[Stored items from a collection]
════════════════════

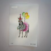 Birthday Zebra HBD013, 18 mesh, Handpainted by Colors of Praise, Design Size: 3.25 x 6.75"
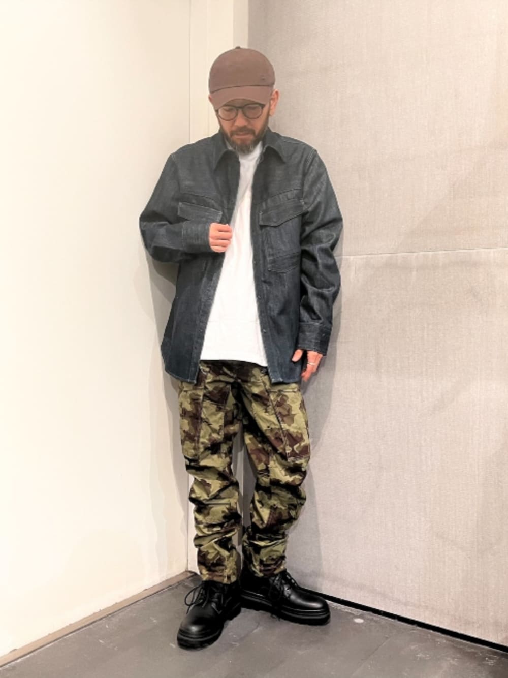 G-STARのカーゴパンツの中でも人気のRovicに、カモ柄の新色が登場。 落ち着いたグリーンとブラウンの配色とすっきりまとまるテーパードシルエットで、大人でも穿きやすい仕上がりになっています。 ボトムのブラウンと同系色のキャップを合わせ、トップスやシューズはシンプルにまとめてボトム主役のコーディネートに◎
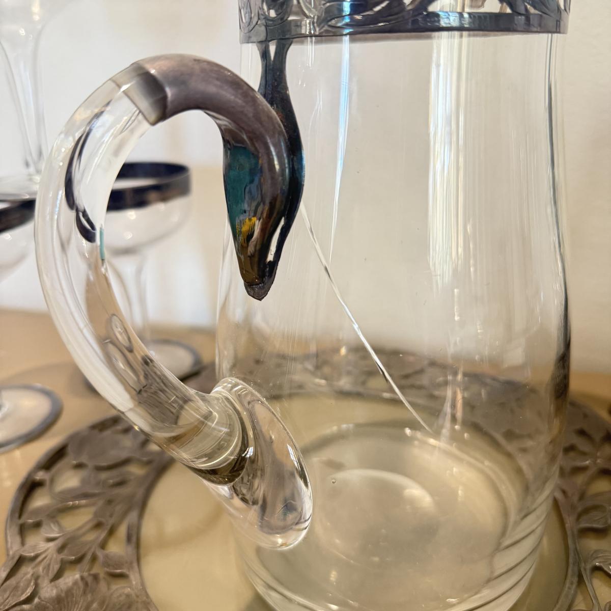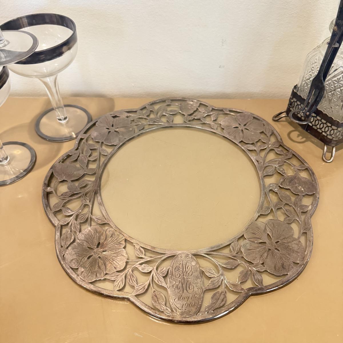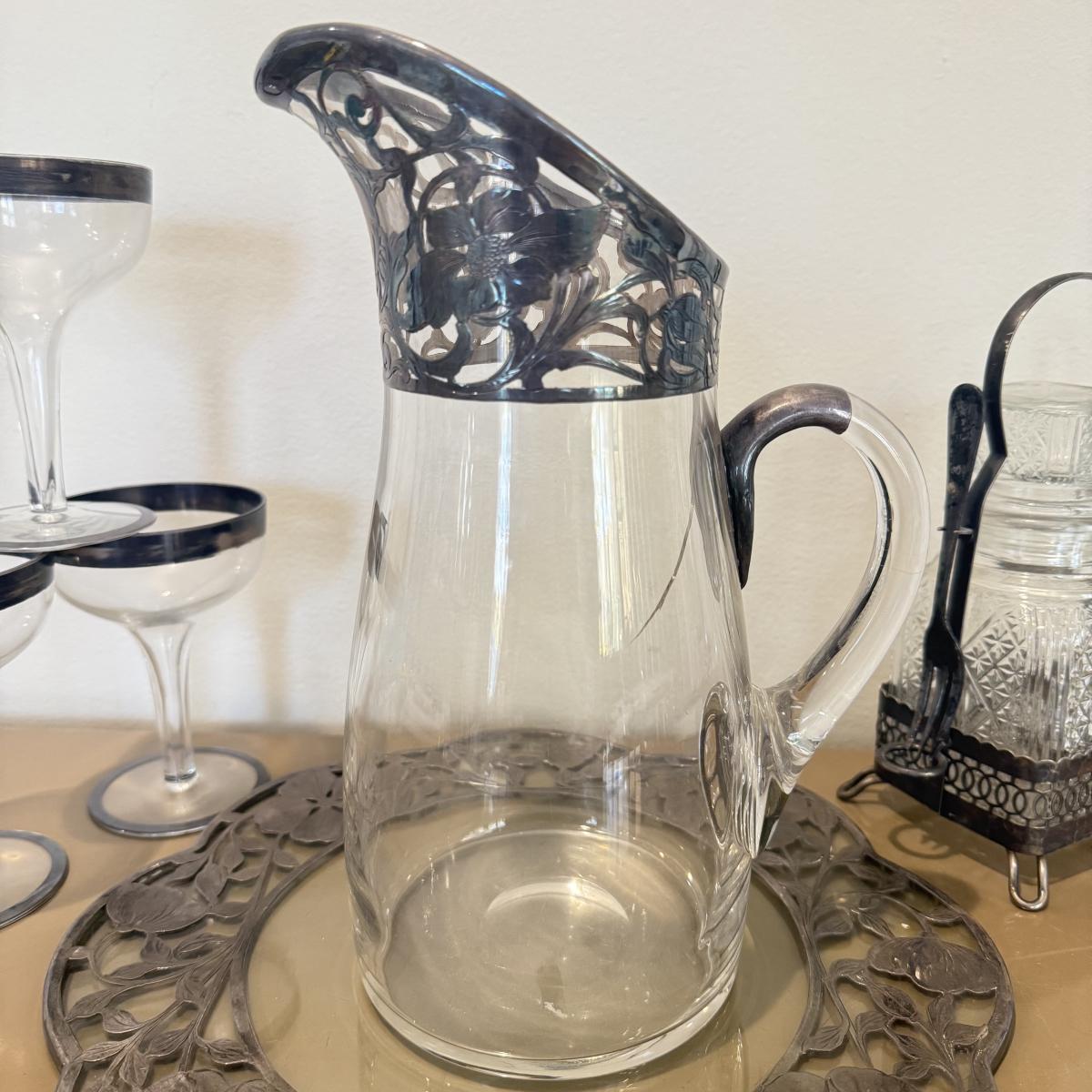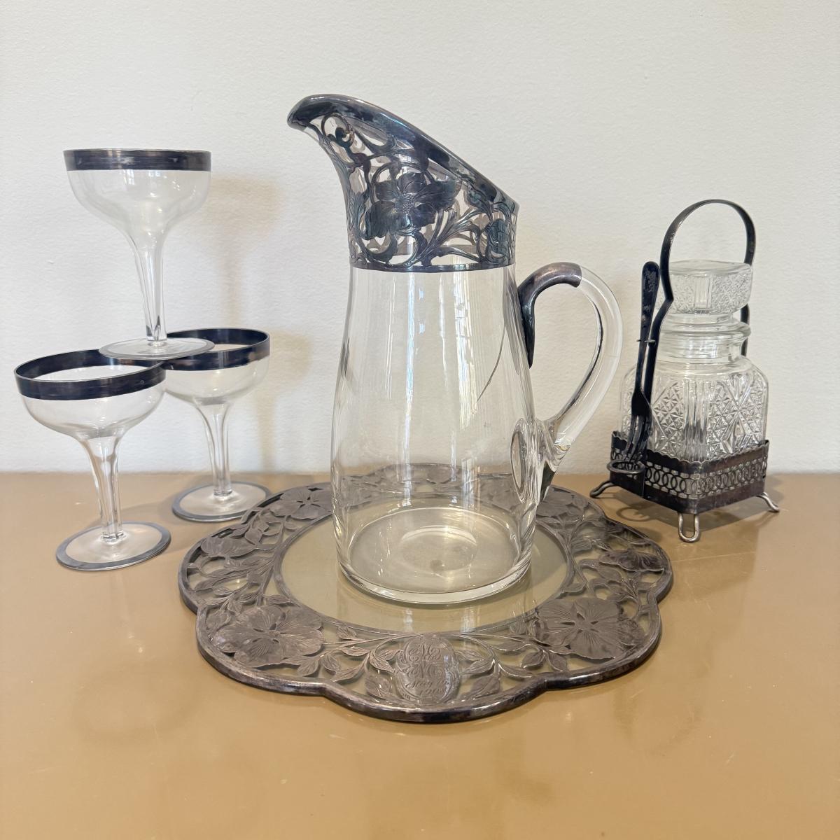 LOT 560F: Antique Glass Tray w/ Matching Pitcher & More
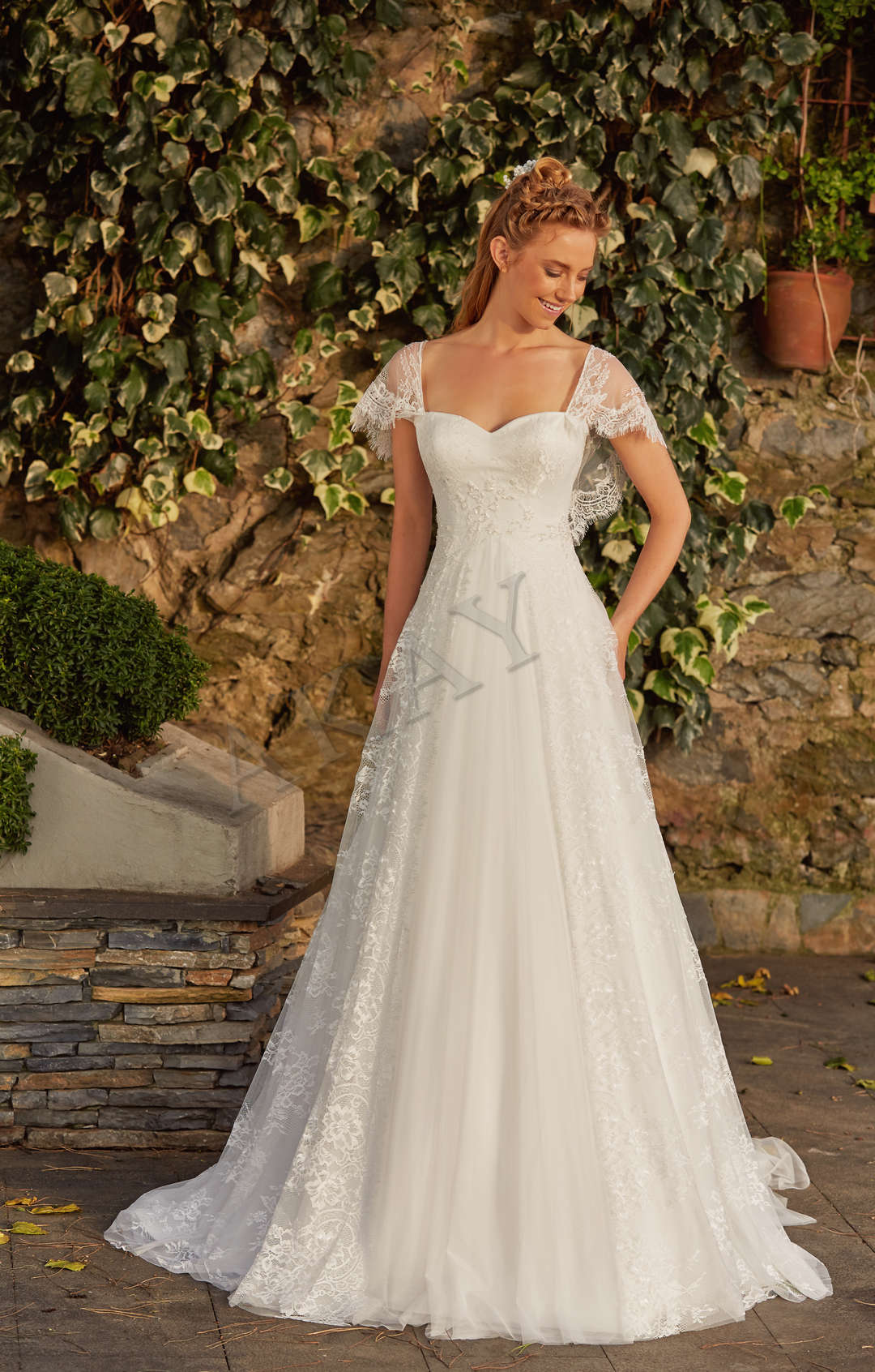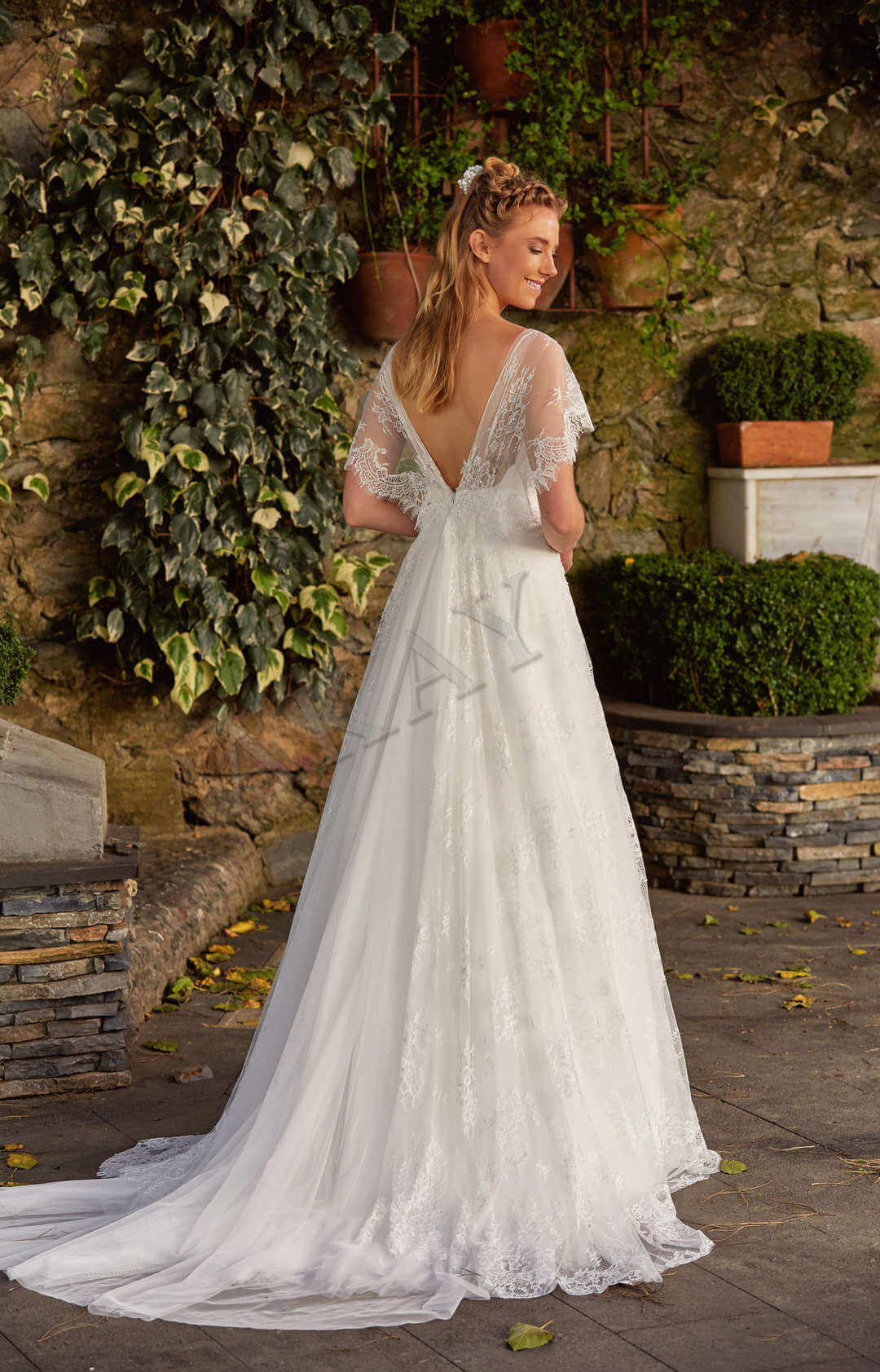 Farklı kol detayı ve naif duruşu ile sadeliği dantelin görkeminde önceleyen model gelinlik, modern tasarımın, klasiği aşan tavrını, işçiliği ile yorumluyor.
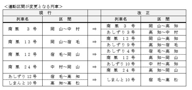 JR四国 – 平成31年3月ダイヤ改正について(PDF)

════════════════════

[Problem to work on] Because pictures are not wanted, give every entry above again exactly without them.

[Answer space]
 Birthday Zebra HBD013, 18 mesh, Handpainted by Colors of Praise, Design Size: 3.25 x 6.75"
 G-STARのカーゴパンツの中でも人気のRovicに、カモ柄の新色が登場。 落ち着いたグリーンとブラウンの配色とすっきりまとまるテーパードシルエットで、大人でも穿きやすい仕上がりになっています。 ボトムのブラウンと同系色のキャップを合わせ、トップスやシューズはシンプルにまとめてボトム主役のコーディネートに◎
 LOT 560F: Antique Glass Tray w/ Matching Pitcher & More
 Farklı kol detayı ve naif duruşu ile sadeliği dantelin görkeminde önceleyen model gelinlik, modern tasarımın, klasiği aşan tavrını, işçiliği ile yorumluyor.
 JR四国 – 平成31年3月ダイヤ改正について(PDF)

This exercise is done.